Г.БОРОВИК: А первый раз заграницу я попал, ну, уже, естественно, после 1953 года, после трагического ухода нашего вождя всех народов. Это было, вы знаете, решение о том, чтобы мне разрешили поехать в Венгрию, а Венгрия – это...
К.ЛАРИНА: Самый веселый барак.
Г.БОРОВИК: Социалистический лагерь.
К.ЛАРИНА: Да-да-да.
Г.БОРОВИК: Решение состоялось в день, когда я познакомился со своей женой Галей, которая для меня очень много сделала для того, чтобы я стал, в общем, и журналистом, и чтобы у нас был Артем, и чтобы у нас была Мариша. И вот теперь уже и внуки, и, естественно, и правнук появился. Это было 28 декабря 1953 года, когда мы с ней впервые...
К.ЛАРИНА: Женщина невероятной красоты – я видела. Я видела. Невероятной!
Г.БОРОВИК: Абсолютно согласен.
К.ЛАРИНА: Как вообще вы?.. Вы вообще попали, вообще, в сферу ее внимания, непонятно.
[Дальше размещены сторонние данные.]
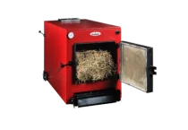 Ikonica kotla na čvrsto gorivo sa otvorom za loženje i drvima u unutrašnjosti.

Г.БОРОВИК: А вот я вам сейчас все расскажу, поскольку... (все смеются) Все расскажу. Как-то мне один приятель сказал, что «ой, я был вчера в педагогическом институте. Ой! Там такая есть красивая!» К ней там подкатываются, она никому ни телефонов не дает, ничего, и там не танцует даже, а сидит, в общем, вся такая, очень гордая.
К.ЛАРИНА: Неприступная.
Г.БОРОВИК: Да. Но говорит: «Я у ее подруг узнал телефон, позвонил ей, но она бросила трубку. Я начал с ней чего-то говорить – она бросила трубку». Я сказал: «Дай мне этот телефон». Он говорит: «Да, она бросит трубку». Я говорю: «Дай», и мы с ним поспорили на бутылку коньяку. И я выиграл.
К.ЛАРИНА: То есть вы позвонили внаглую?
Г.БОРОВИК: Я позвонил. И я не знаю, попал на хорошее настроение, может быть. И она как-то начала отвечать. Или, может быть, чего-то я пошутил удачно. И она начала отвечать, и эти разговоры начали вначале раз в неделю, потом 2 раза в неделю, потом каждый вечер.
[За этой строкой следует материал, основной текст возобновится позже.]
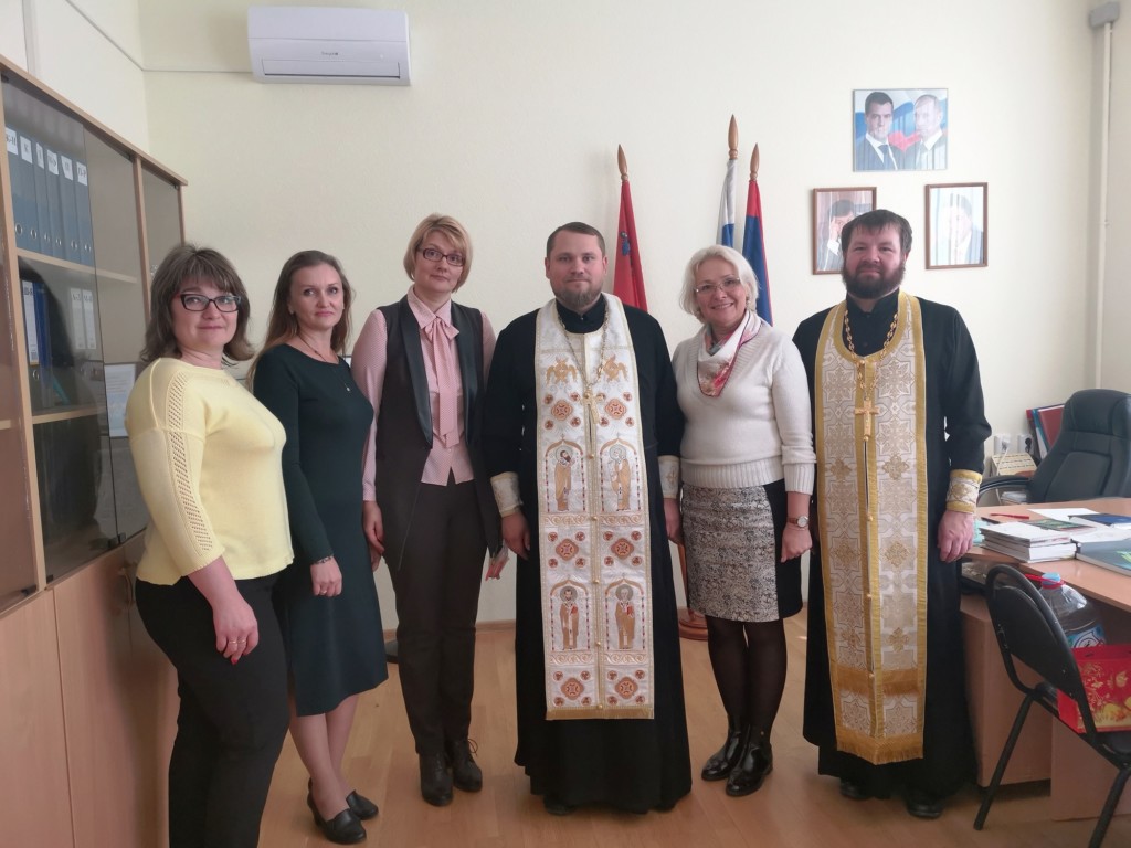 20 сентября настоятель Никольского храма г.Подольска священник Алексий Суриков и клирик храма священник Владимир Тимченко посетили гимназию №7 г.Подольска, где прошло совещание с директором учебного заведения Е.Ф.Соловьевой. На совещании были намечены планы соработничества учебного заведения и храма на 2019-2020 учебный год. По завершении совещания состоялся чин освящения гимназии.

К.ЛАРИНА: То есть такой телефонный роман был сначала?
Г.БОРОВИК: Абсолютно. Вы знаете, сколько он длился? Полтора года! И вот 28 декабря мы назначили друг другу встречу напротив Большого театра там, где сейчас стоит Карл Маркс, памятник. Так что у меня с Карлом Марксом особые личные отношения. Ну вот, и я тогда увидел эту красотку, и вскорости где-то через год мы уже поженились.
К.ЛАРИНА: То есть вы, судя по всему, интеллектом взяли, наверное?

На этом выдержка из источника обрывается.